[WHAT YOU WILL DO] Using the entries below, copy exactly each line from the line with "На страницах сайта" up to and including the line with "무사히 마친 2017", with every picture left out.

====================

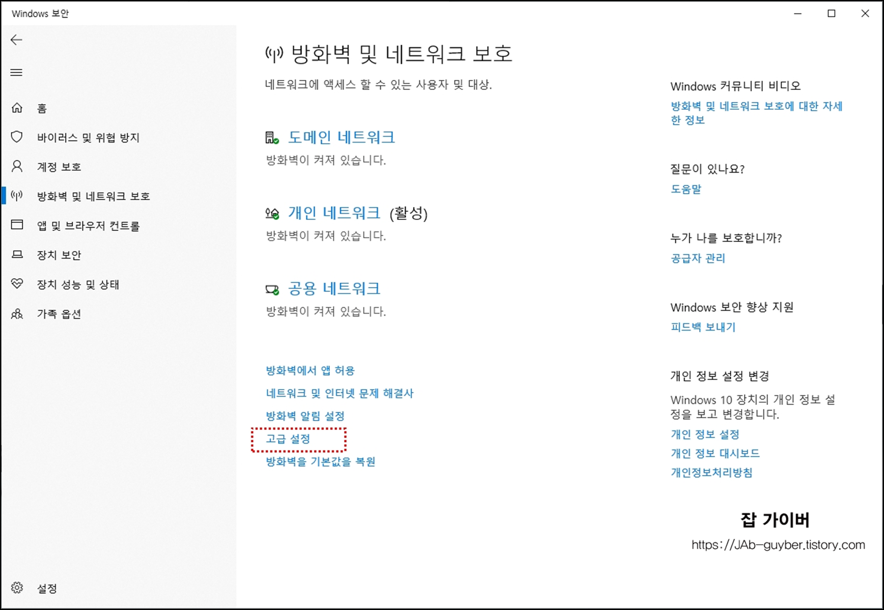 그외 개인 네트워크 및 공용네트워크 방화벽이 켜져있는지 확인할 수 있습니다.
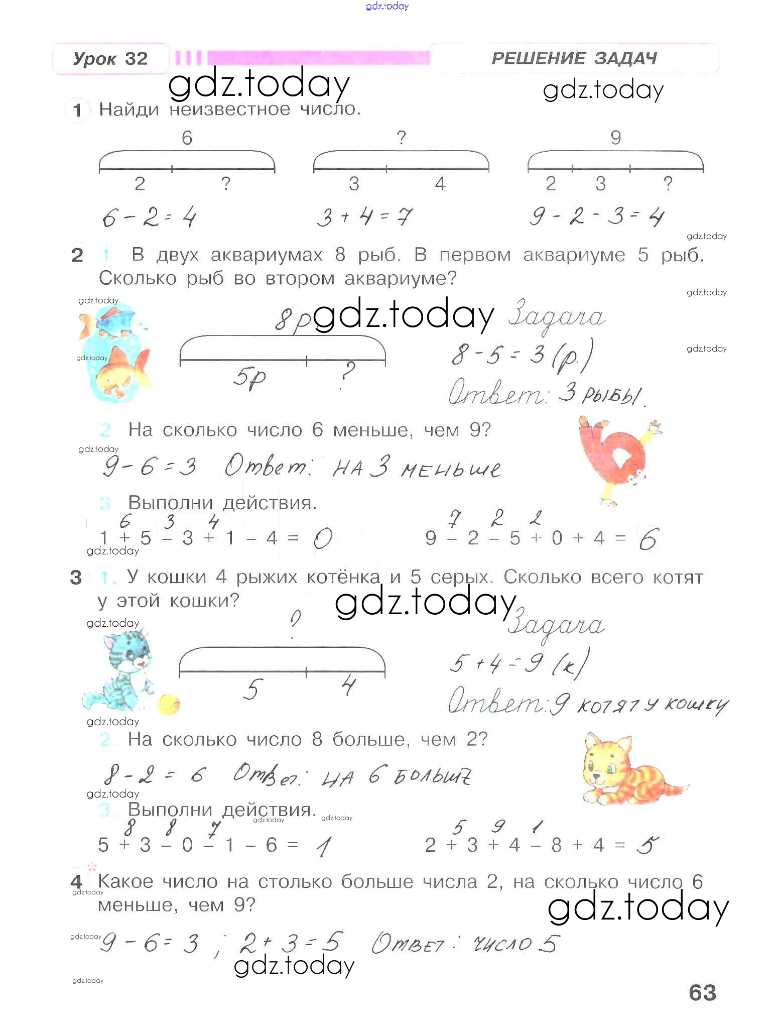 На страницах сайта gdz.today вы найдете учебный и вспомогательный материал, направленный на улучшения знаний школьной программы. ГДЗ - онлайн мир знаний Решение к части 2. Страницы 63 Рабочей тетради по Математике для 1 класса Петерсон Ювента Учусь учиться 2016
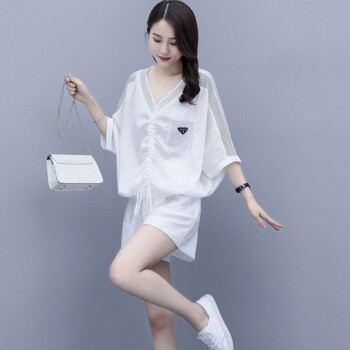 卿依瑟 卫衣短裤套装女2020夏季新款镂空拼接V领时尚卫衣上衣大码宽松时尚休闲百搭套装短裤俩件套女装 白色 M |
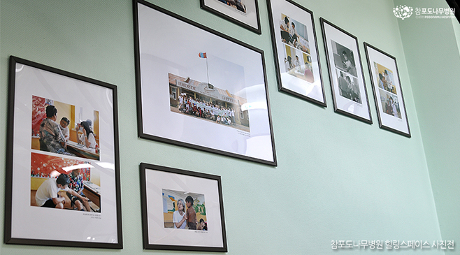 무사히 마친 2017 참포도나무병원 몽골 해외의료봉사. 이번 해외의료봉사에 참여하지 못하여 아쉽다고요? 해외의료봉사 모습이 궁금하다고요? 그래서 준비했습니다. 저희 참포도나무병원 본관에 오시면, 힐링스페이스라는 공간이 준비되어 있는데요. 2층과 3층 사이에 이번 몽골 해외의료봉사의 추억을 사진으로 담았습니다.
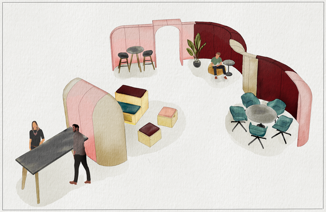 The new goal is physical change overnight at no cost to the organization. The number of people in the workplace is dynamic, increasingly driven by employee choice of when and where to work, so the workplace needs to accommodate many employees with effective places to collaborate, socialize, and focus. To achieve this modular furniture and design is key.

====================

[TASK RESULT]
 На страницах сайта gdz.today вы найдете учебный и вспомогательный материал, направленный на улучшения знаний школьной программы. ГДЗ - онлайн мир знаний Решение к части 2. Страницы 63 Рабочей тетради по Математике для 1 класса Петерсон Ювента Учусь учиться 2016
 卿依瑟 卫衣短裤套装女2020夏季新款镂空拼接V领时尚卫衣上衣大码宽松时尚休闲百搭套装短裤俩件套女装 白色 M |
 무사히 마친 2017 참포도나무병원 몽골 해외의료봉사. 이번 해외의료봉사에 참여하지 못하여 아쉽다고요? 해외의료봉사 모습이 궁금하다고요? 그래서 준비했습니다. 저희 참포도나무병원 본관에 오시면, 힐링스페이스라는 공간이 준비되어 있는데요. 2층과 3층 사이에 이번 몽골 해외의료봉사의 추억을 사진으로 담았습니다.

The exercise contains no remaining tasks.